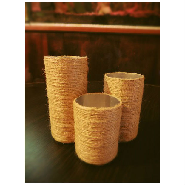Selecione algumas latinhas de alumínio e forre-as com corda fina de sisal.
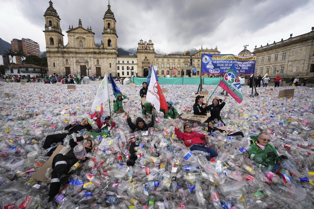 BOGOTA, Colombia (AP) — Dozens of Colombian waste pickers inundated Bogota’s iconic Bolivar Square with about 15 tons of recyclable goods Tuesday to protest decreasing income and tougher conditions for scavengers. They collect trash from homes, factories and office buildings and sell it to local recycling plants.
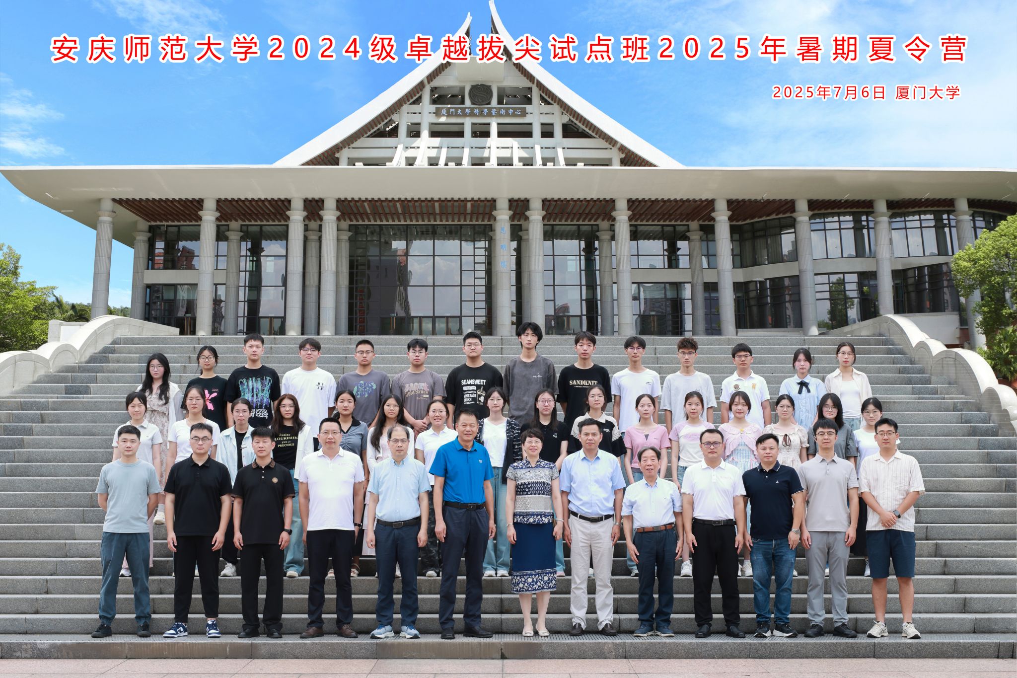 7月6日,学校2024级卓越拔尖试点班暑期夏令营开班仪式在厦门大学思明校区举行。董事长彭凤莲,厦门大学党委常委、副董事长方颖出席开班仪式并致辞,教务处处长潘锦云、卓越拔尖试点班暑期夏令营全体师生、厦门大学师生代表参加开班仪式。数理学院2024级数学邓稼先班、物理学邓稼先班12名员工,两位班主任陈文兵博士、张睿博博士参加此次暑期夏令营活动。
========================================================================
PROBLEM DETAILS: Leave out the pictures, and please output only the lines from the line that contains "BOGOTA, Colombia (AP)" through the end of the data, both ends included.

RESPONSE TO THE EXERCISE:
 BOGOTA, Colombia (AP) — Dozens of Colombian waste pickers inundated Bogota’s iconic Bolivar Square with about 15 tons of recyclable goods Tuesday to protest decreasing income and tougher conditions for scavengers. They collect trash from homes, factories and office buildings and sell it to local recycling plants.
 7月6日,学校2024级卓越拔尖试点班暑期夏令营开班仪式在厦门大学思明校区举行。董事长彭凤莲,厦门大学党委常委、副董事长方颖出席开班仪式并致辞,教务处处长潘锦云、卓越拔尖试点班暑期夏令营全体师生、厦门大学师生代表参加开班仪式。数理学院2024级数学邓稼先班、物理学邓稼先班12名员工,两位班主任陈文兵博士、张睿博博士参加此次暑期夏令营活动。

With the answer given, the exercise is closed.